What I knew about Cracked and Mad Magazines is that I was too young for them. Our playmates had an older brother who had stacks of them, and I’d sneak to a corner to read them. I learned about Spy vs. Spy and read the cartoon features about subjects like the Insurance Industry – “When you win, you lose, and when you lose, you win!” – is a snappy line that’s stayed with me.
But the thing that got me were the back covers, which had to be folded over the center material to get the real message. The teen these treasures belonged to didn’t seem interested in learning the puzzle. His covers were uncreased.
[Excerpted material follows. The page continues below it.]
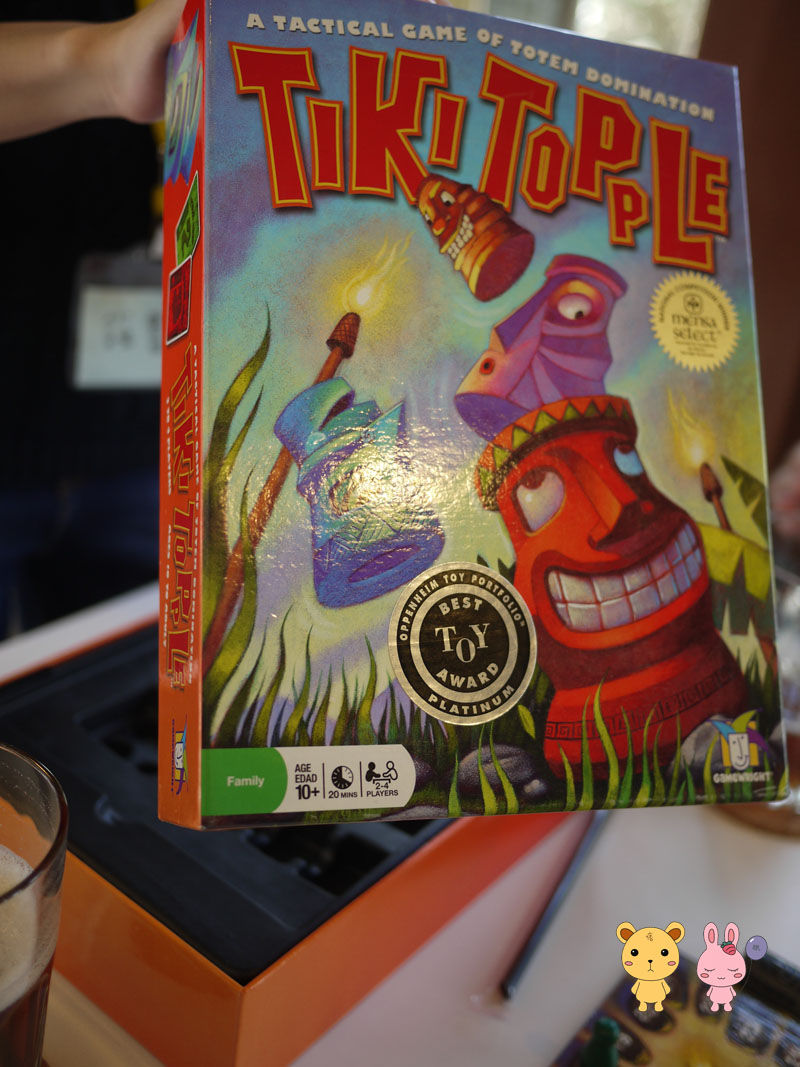 今天要介紹另外一款很該死又好玩的桌遊【tiki topple 推倒提基】,tiki topple為什麼該死呢?因為這次的第一名竟然是新手狗趴趴!勇奪了35分的成績,熊玩了幾場卻只拿到9分,這樣的結果也太沒天良了吧!不過遊戲就是這麼簡單,只要有人最先拿到35分,這場遊戲就結束了。

My job was getting the straightest fold between the arrows and it took me a few tries to line it up, leaving annoying accordian pleats to get in the way. I’d skim the full-size design, trying to guess what the joined text and art were going to reveal before tackling the fold. Online loses that tactical anticipation, and a bound collection would soon look mangled. The ephemeral magazine was the perfect delivery vehicle.
As a Bullwinkle-beats-anything-Disney-makes* devotee, I loved humor aimed slightly above my head. Al Jaffee’s work illustrated the blatant, normalized sexism I grew up internalizing, lol NBD amirite?
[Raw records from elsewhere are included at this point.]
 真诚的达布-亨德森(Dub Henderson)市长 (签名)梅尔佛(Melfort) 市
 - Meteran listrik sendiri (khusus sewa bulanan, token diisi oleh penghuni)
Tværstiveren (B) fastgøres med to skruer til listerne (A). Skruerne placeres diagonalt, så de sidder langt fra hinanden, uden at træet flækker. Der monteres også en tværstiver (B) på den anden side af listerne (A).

The art was so intelligent, so pure and well-packaged, it sailed right into the ol’ toolbox ‘tween these ears; as ready to be regurgitated as everyone’s always-quoteable, bathroom copy of “Playboy’s Party Jokes.” Oh, to be a child of the 70’s again!
Featured Image is sourced at The Marginalian
I’d like to have been a fly on the wall at my imagined meeting of Jaffee and Hunter S. Thompson. Surely happened.
RIP, Mr Jaffee. You came, you saw and you drew it. Here’s to your dazzling, well-executed life; exemplary satirist; hero to many.
- My only Disney exception was “The Jungle Book” and meeting my hero Floyd Norman remains on my bucket list.